Brief:
Where the line containing "Es gibt vier" appears in the entries below, start there and print only that line and every line after it, exactly, through the end, excluding pictures.

Collection entries
##############################
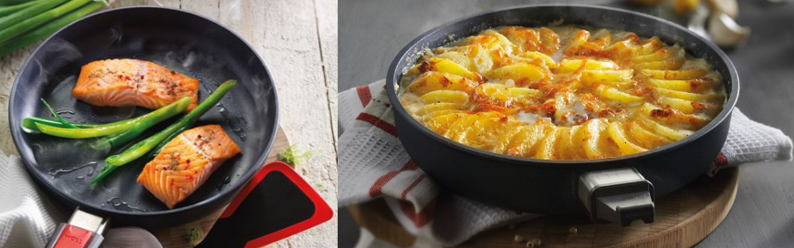 De pannen van Woll hebben als enige een greep die gemakkelijk afneembaar is. Hierdoor is de pan heel eenvoudig in de oven te zetten, maar dit bespaart u ook veel ruimte in de keukenkastjes of vaatwasmachine.
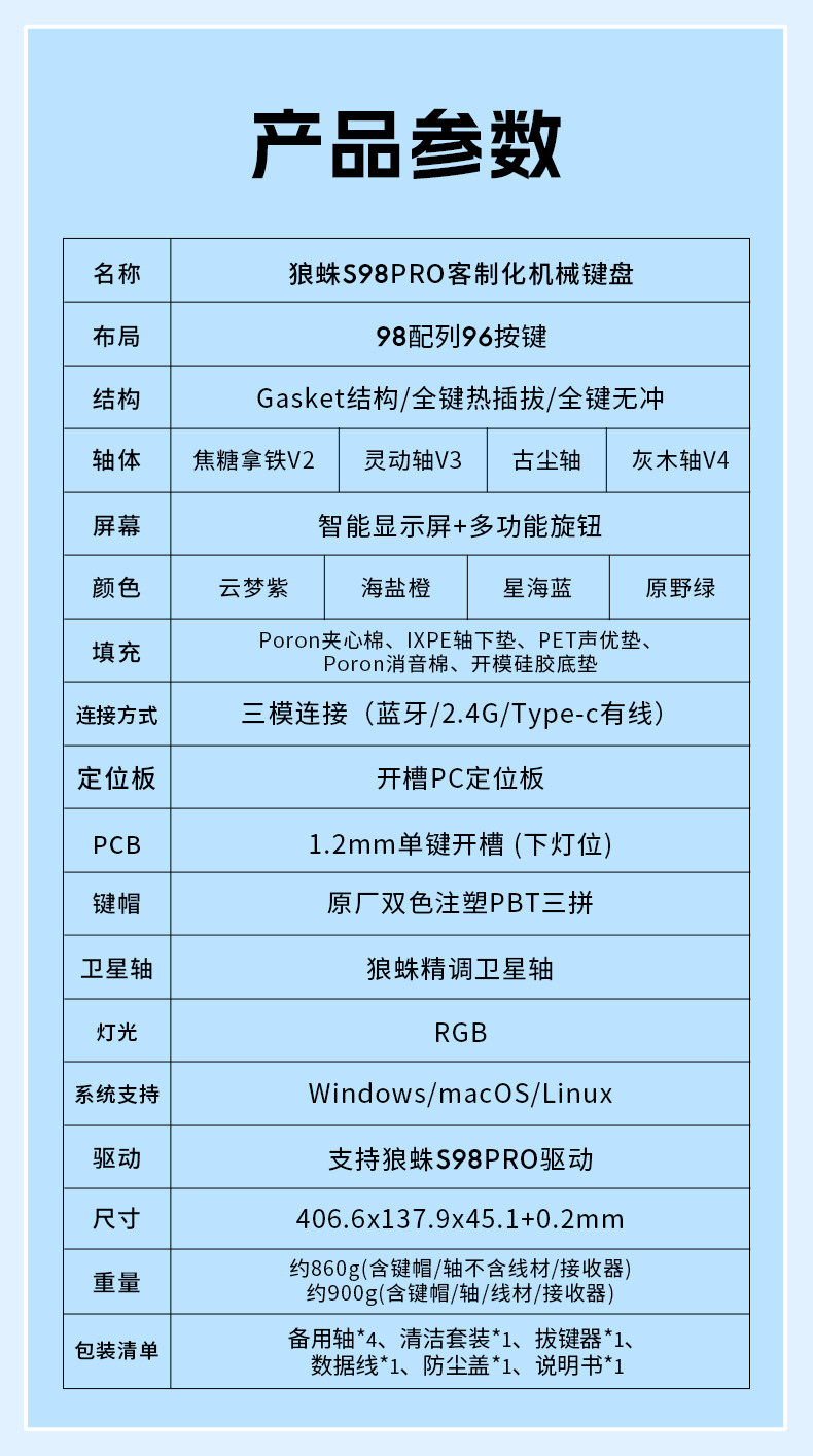 | Color Classification | S98Pro-Yunmeng Purple,S98Pro-Sea Salt Orange,S98Pro-Xinghai Blue,S98Pro-Field Green,S98Pro-Cloud Woof,S98Pro-Hua Ji Meow Meow,S98Pro-Taro Bear,S98Pro-Panda Mahjong,S98Pro - Galaxy Dream,S98Pro-Gray Island,S98Pro-Bread Bear,S98Pro-Big Bud Candy,S98Pro - Dusty Gray - Side-Engraved Gradient,S98Pro-Glacier Blue-Side Engraved Gradient,S98Pro-Xingdai Purple-Side Engraved Gradient,S98Pro-Blackberry Pink-Side Engraved Gradient,S98Pro-Blackberry Powder and Other Contour Lines-Side Engraving Gradient,S98Pro-White Contour-Side Engraving Gradient,S98Pro-Black Contour-Side Engraving Gradient,S98Pro-Taoyao Powder Contour-Side Engraving Gradient,S98Pro - Dust Gray Contour - Side-Engraved Gradient,S98Pro-Xingdai Purple Contour Lines-Side Engraving Gradient,S98Pro - Glacier Blue Contour - Side-Engraved Gradient |
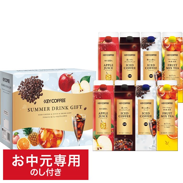 アイスコーヒーを中心に、アップルジュース、フルーツミックスティーを詰め合わせたファミリー向けのギフトです。
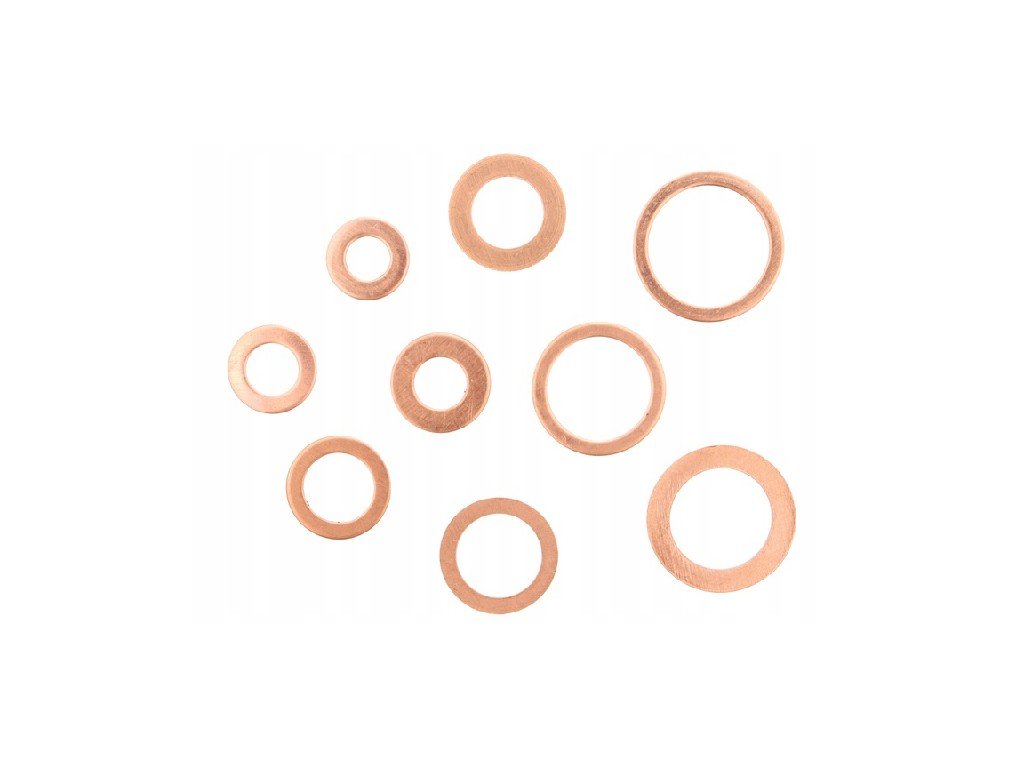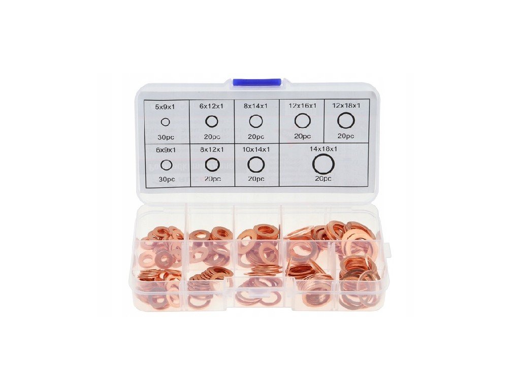 Sada měděných podložek 9-ti nejběžnějších rozměrech 200ks, vše v praktické plastové krabičce
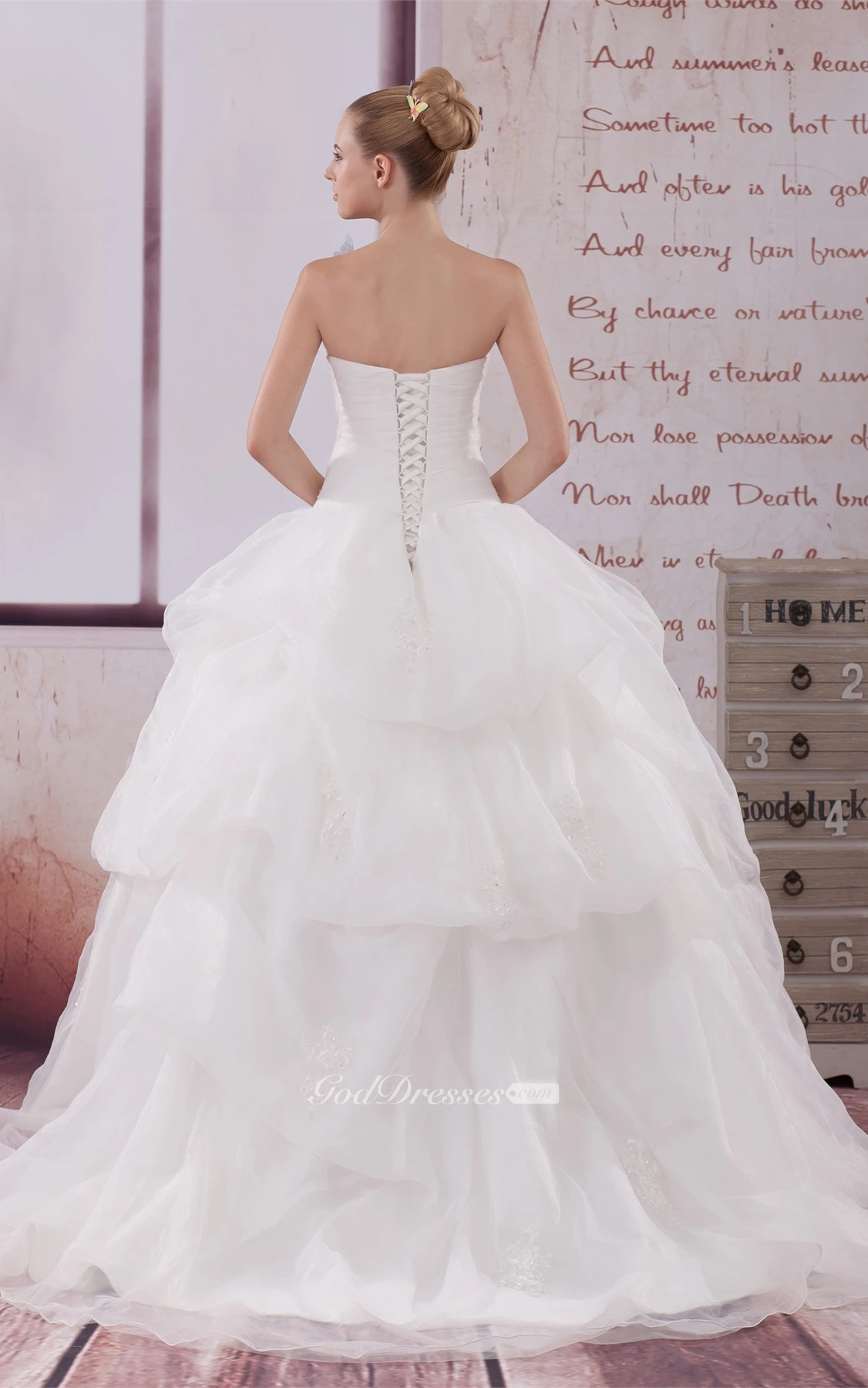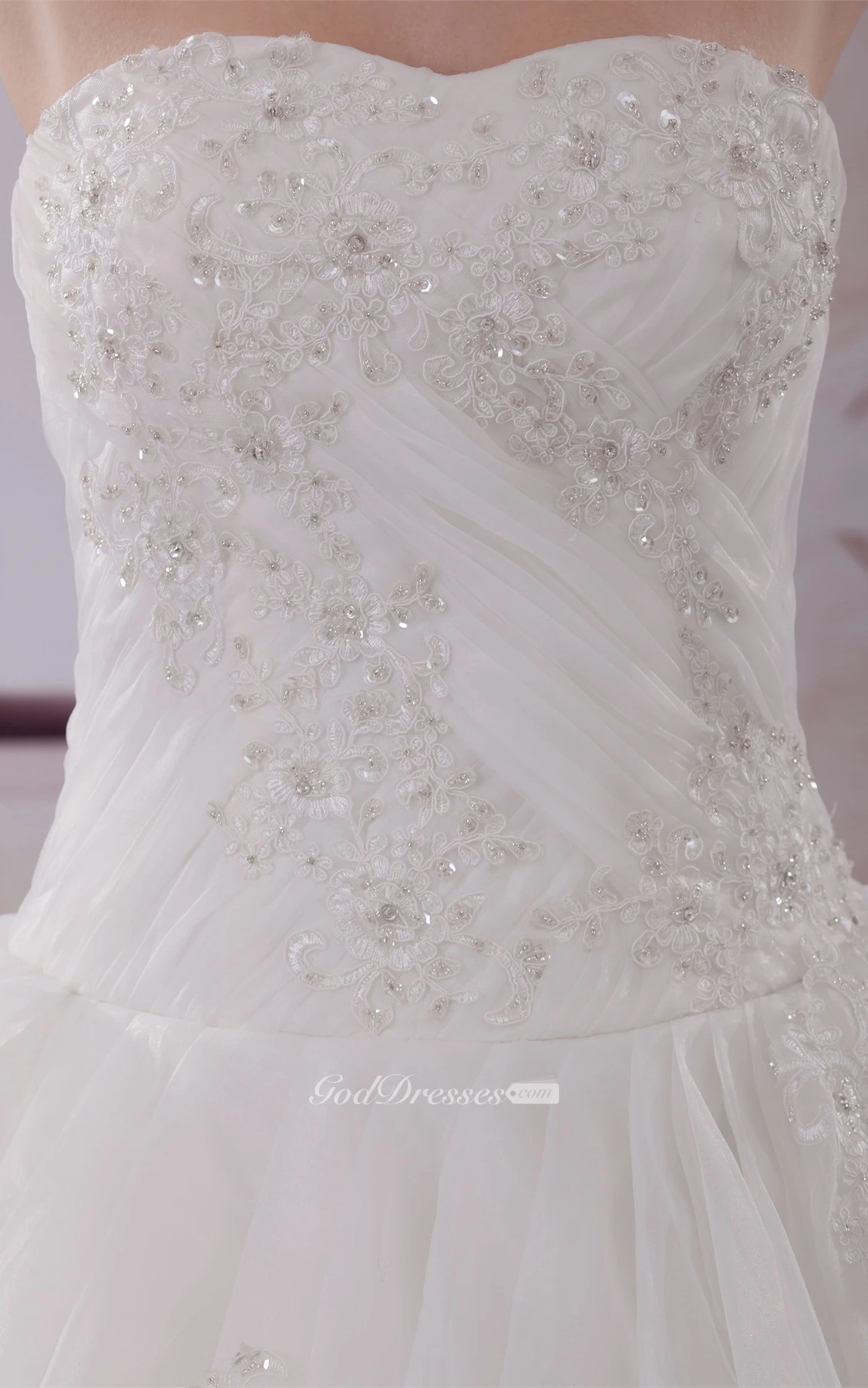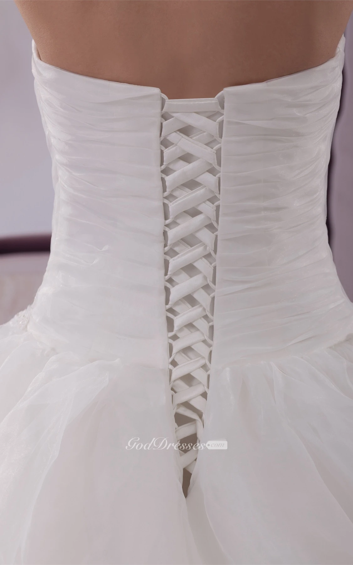 Sleeveless Appliqued Corset Back and Ball-Gown With Ruching
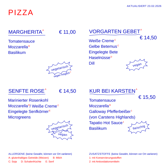 Es gibt vier verschiedene Pizzasorten, die wir alle paar Wochen verändern. Im Angebot sind immer vegane, vegetarische und fleischige Varianten, die nach Saisonalität und Verfügbarkeit zusammengestellt werden.
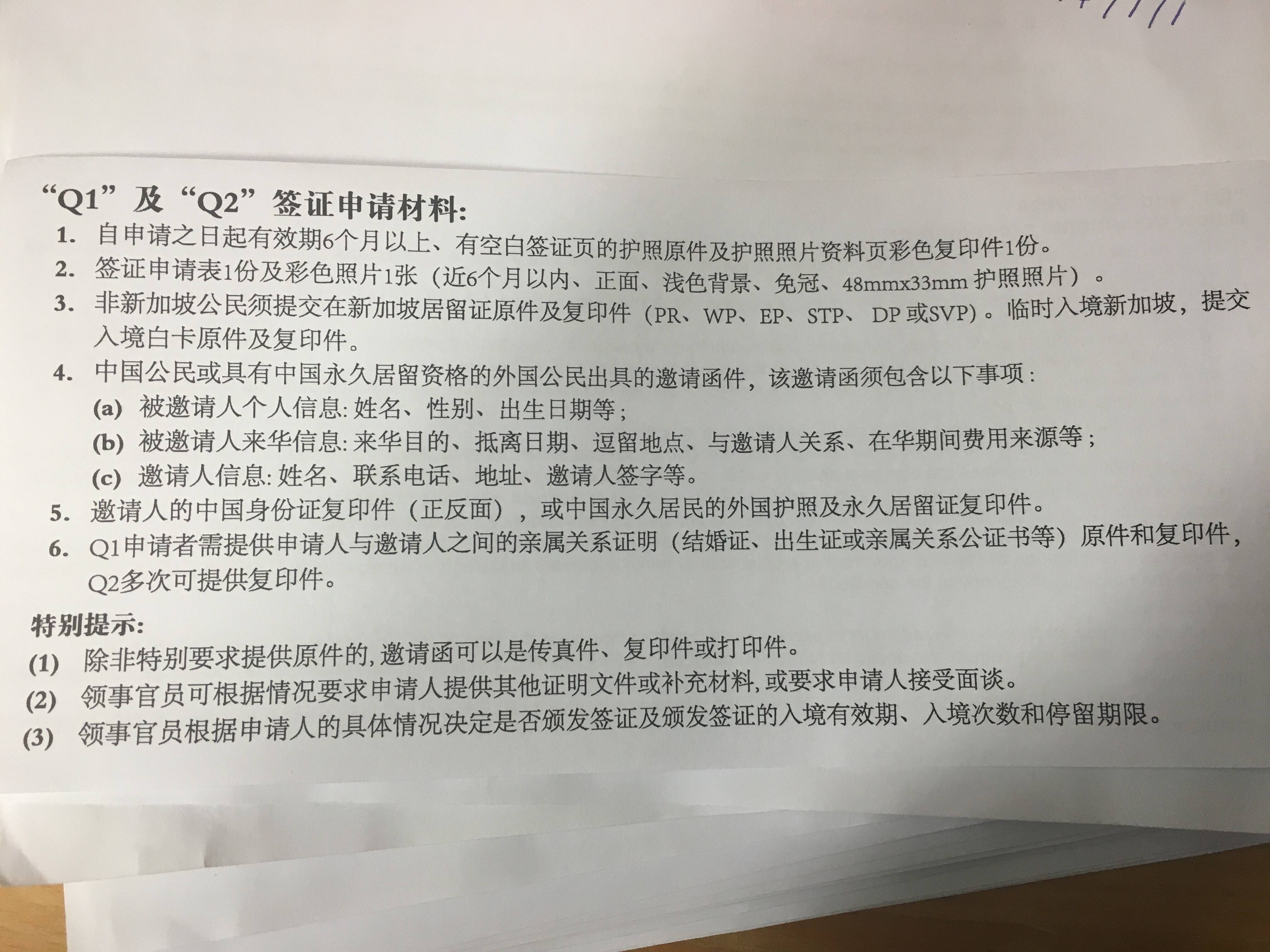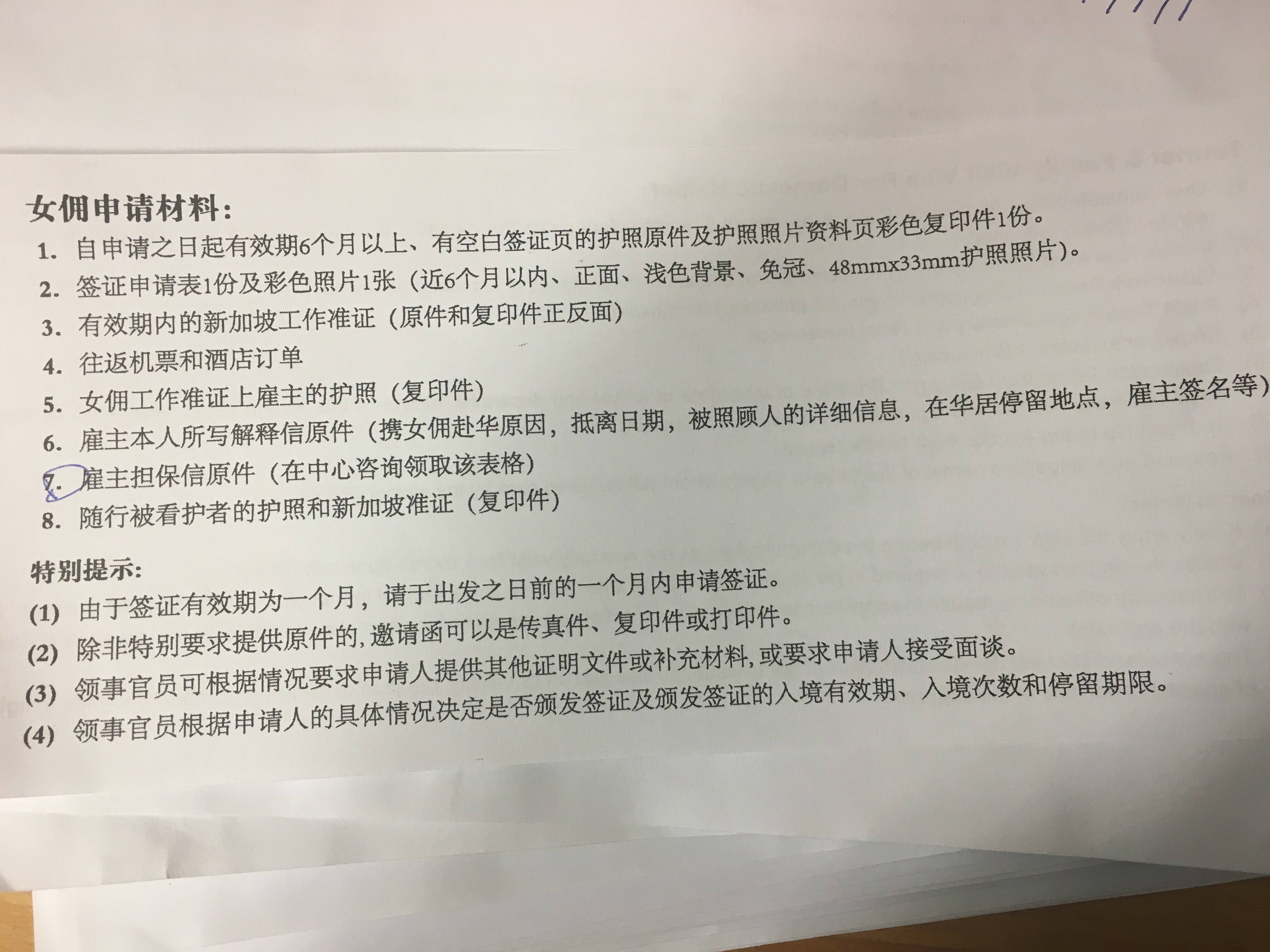关于申请中国签证所需资料(女佣及新加坡孩子)
##############################
Final answer:
 Es gibt vier verschiedene Pizzasorten, die wir alle paar Wochen verändern. Im Angebot sind immer vegane, vegetarische und fleischige Varianten, die nach Saisonalität und Verfügbarkeit zusammengestellt werden.
关于申请中国签证所需资料(女佣及新加坡孩子)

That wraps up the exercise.